→ Data for processing:
_ _ _ _ _ _ _

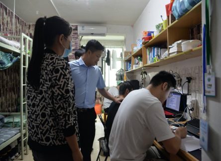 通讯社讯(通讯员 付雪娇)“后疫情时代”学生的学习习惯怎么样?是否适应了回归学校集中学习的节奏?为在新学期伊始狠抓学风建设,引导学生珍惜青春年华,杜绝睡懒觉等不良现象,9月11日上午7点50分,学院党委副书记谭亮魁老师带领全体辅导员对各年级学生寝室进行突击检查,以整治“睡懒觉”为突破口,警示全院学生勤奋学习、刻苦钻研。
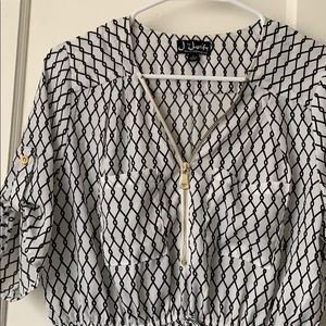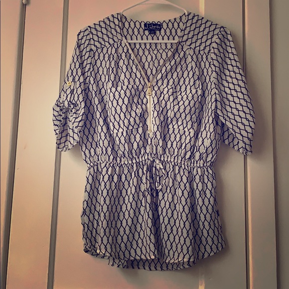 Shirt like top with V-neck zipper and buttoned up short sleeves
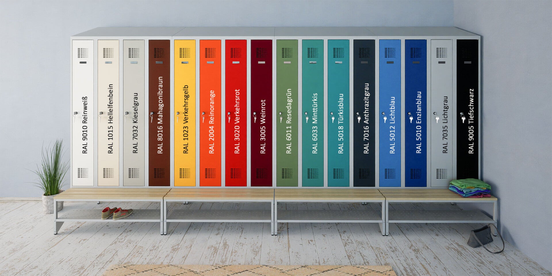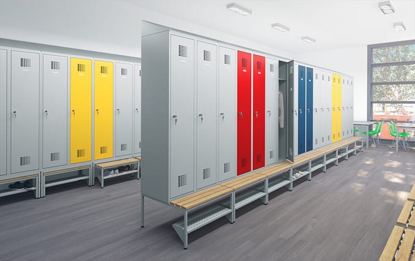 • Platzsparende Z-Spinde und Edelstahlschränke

_ _ _ _ _ _ _

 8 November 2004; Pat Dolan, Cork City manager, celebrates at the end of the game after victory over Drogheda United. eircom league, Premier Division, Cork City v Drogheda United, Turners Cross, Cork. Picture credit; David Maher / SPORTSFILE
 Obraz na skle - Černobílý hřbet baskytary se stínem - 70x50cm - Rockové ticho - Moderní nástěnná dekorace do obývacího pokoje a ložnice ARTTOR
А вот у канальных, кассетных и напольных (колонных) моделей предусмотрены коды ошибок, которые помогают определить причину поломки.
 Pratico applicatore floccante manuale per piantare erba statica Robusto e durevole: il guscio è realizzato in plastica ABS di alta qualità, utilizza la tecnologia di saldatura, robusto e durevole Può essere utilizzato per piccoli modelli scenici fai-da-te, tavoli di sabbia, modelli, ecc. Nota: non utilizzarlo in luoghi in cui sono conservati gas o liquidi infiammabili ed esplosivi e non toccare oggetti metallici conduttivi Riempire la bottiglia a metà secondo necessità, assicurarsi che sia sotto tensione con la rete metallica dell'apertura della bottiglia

_ _ _ _ _ _ _

→ Work to be completed:
Reproduce the lines above, beginning at the line with "Obraz na skle" and stopping after the line with "А вот у канальных, кассетных", exactly as they are.

→ Answer space:
 Obraz na skle - Černobílý hřbet baskytary se stínem - 70x50cm - Rockové ticho - Moderní nástěnná dekorace do obývacího pokoje a ložnice ARTTOR
А вот у канальных, кассетных и напольных (колонных) моделей предусмотрены коды ошибок, которые помогают определить причину поломки.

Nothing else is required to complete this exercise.